Going further, although there are differences in the attitudes of regulators, on the whole decisions made are extremely similar [13, 14]. Whilst the UK would not necessarily want to adopt decisions from other regulators as a matter of course, giving the MHRA (on behalf of patients) the freedom to adopt decisions made by other regulators such as the US Food and Drug Administration (if appropriate) would speed access to medicines, and keep the UK at the forefront of medical technology. Rather than falling behind the EU (as would happen with a complete exit), close collaboration with additional powers for the MHRA to act in the interest of patents in the UK could lead to a more advantageous system. How additional freedom can benefit the MHRA can be seen with the Early Access to Medicines scheme, where breakthrough medicines can be made available to patients whilst regulatory activities are completing [15].


Whatever your political view on Brexit, we are approaching a time of great change. If the vital area of pharmaceutical regulation is neglected, irreparable harm could be done to the health of the UK population for generations to come. With careful planning and collaboration the opposite can occur—the UK can maintain or even advance its position as a leader in life sciences. Not only do patients require the latter, the life sciences sector is a large source of well-paid employment, and a large net exporter for the UK—the gross value added of workers in the sector being estimated to be twice the UK average [16] over the approximately 500,000 direct and indirect employees.

What is needed to avoid disaster, is for the case for collaboration to be made clearly by all stakeholders.
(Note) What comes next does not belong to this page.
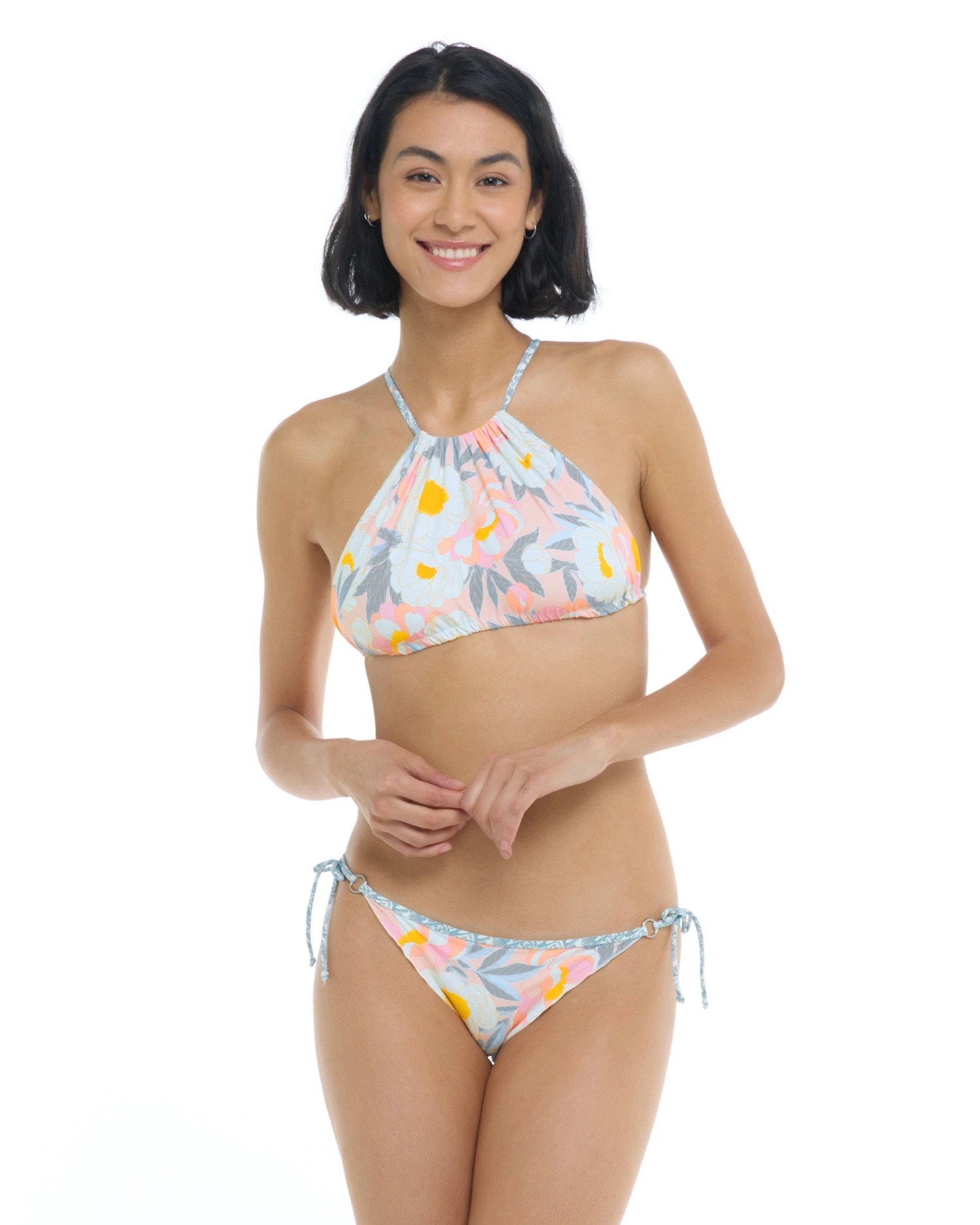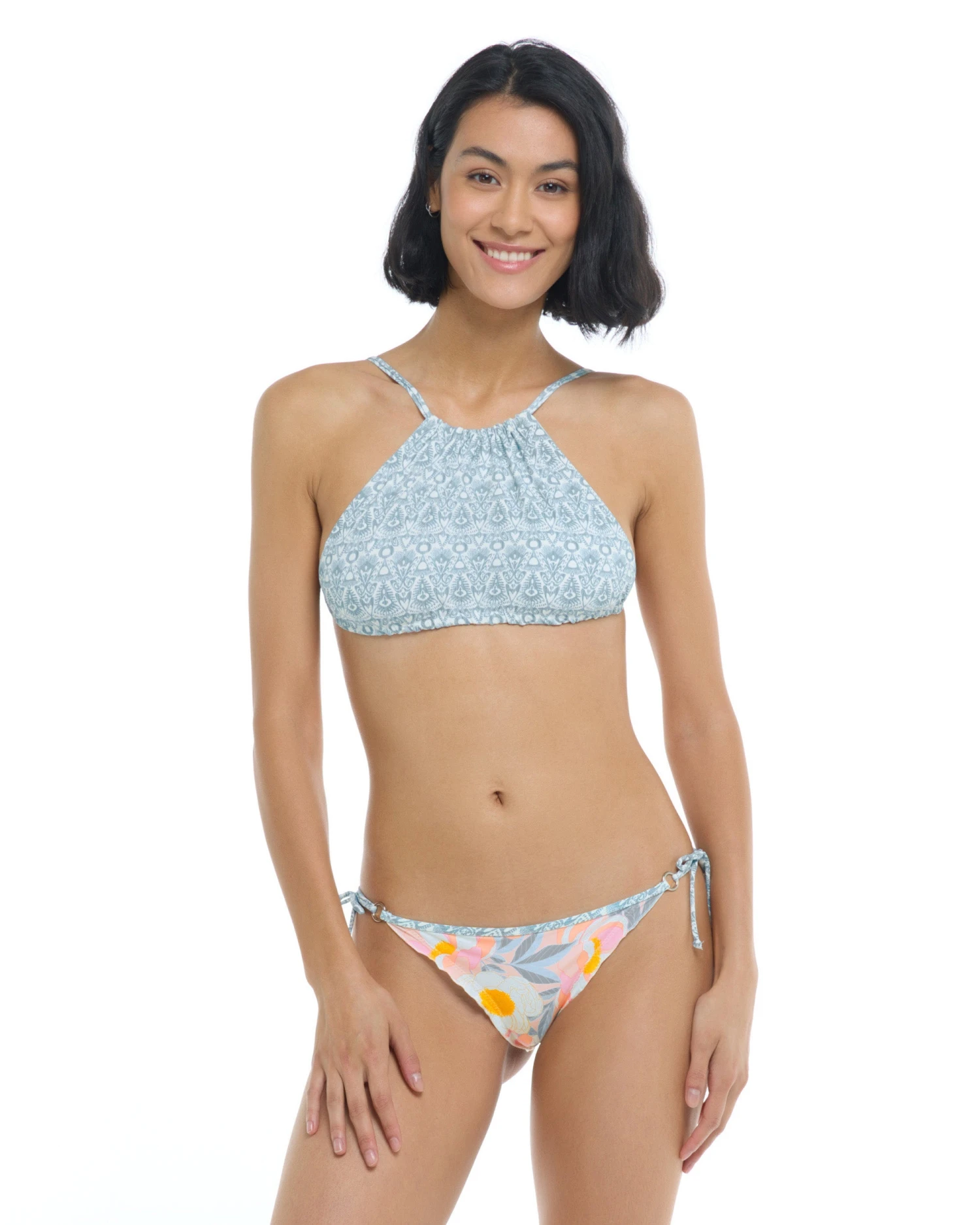 Styled after the classic halter tank, our Sage bikini top has a silhouette like no other. Its high-neck design is equal parts sporty and sleek, with removable soft cups on the inside and a two-way tie back to customize your fit.

Rather than treating the topic as a chip in trade negotiations, politicians need to give freedom to and empower the highly skilled staff at the MHRA and EMA to work together to find the best solution. Ideology should not trump the benefits of cooperation, beneficial to both parties, and whilst it will be sad to see the EMA leave the UK, this should not be the end of a productive relationship that has done great things for patients across Europe. If the situation is handled with the necessary respect and delicacy, it can continue to do so.

Conflicts of interest

The author has no competing interests and has received no funding. The content of this article is the view of the author alone, and does not necessarily reflect any official position of BresMed or University College London.